A multi-modal approach is usually taken to treat IBC, which means more than one treatment is used. This approach has been shown to produce better treatment responses and longer survival rates for patients. The treatments often included in a multi-modal approach are:

  • Neoadjuvant chemotherapy – Usually six cycles of this chemotherapy are used over four to six months prior to surgery to remove a tumor. If the cancer continues to spread during these treatments, the surgery may commence.
  • Targeted therapy – This usually done when biopsy tests reveal that a tumor can be treated with certain drugs. Since IBC can produce large amounts of the HER2 protein, it may be targeted with a drug like trastuzumab or Herceptin. Studies show that IBC treated with this drug along with chemotherapy, responds better and improves survival rates.
  • Hormone therapy – If hormone receptors are detected during a biopsy, then drugs are used to bind to the receptors and prevent further hormones from being produced, which will stop cancer cells from growing and kill them.
  • Surgery – The standard procedure for IBC patients is often a modified radical mastectomy. This involves removing the entire breast, along with the lymph nodes under the arm on the same side. Sometimes the lining of the chest muscle or a small chest muscles may need to be removed as well.

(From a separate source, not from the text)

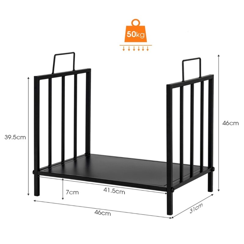 Αυτός ο κομψός και πρακτικός κάτοχος καυσόξυλων 46 εκ. με εργονομικές λαβές είναι η ιδανική επιλογή για εσάς. Κατασκευασμένος από ανθεκτικό ατσάλι με αντισκωριακή επιφάνεια, προσφέρει μακροχρόνια αντοχή και ανθεκτικότητα στις καιρικές συνθήκες. Μπορεί να αντέξει έως και 50 κιλά χωρίς παραμόρφωση.

  • Radiation – This is done after a mastectomy, but prior to a breast reconstruction.
  • Adjuvant therapy – Additional treatments like chemotherapy, targeted therapies, or antihormonal treatments or any combination of them may be done to help keep the cancer from coming back.
  • Supporter or palliative care – This is done to improve the patient's quality of life in cases of life-threatening IBC and to give their caretakers and loved ones support.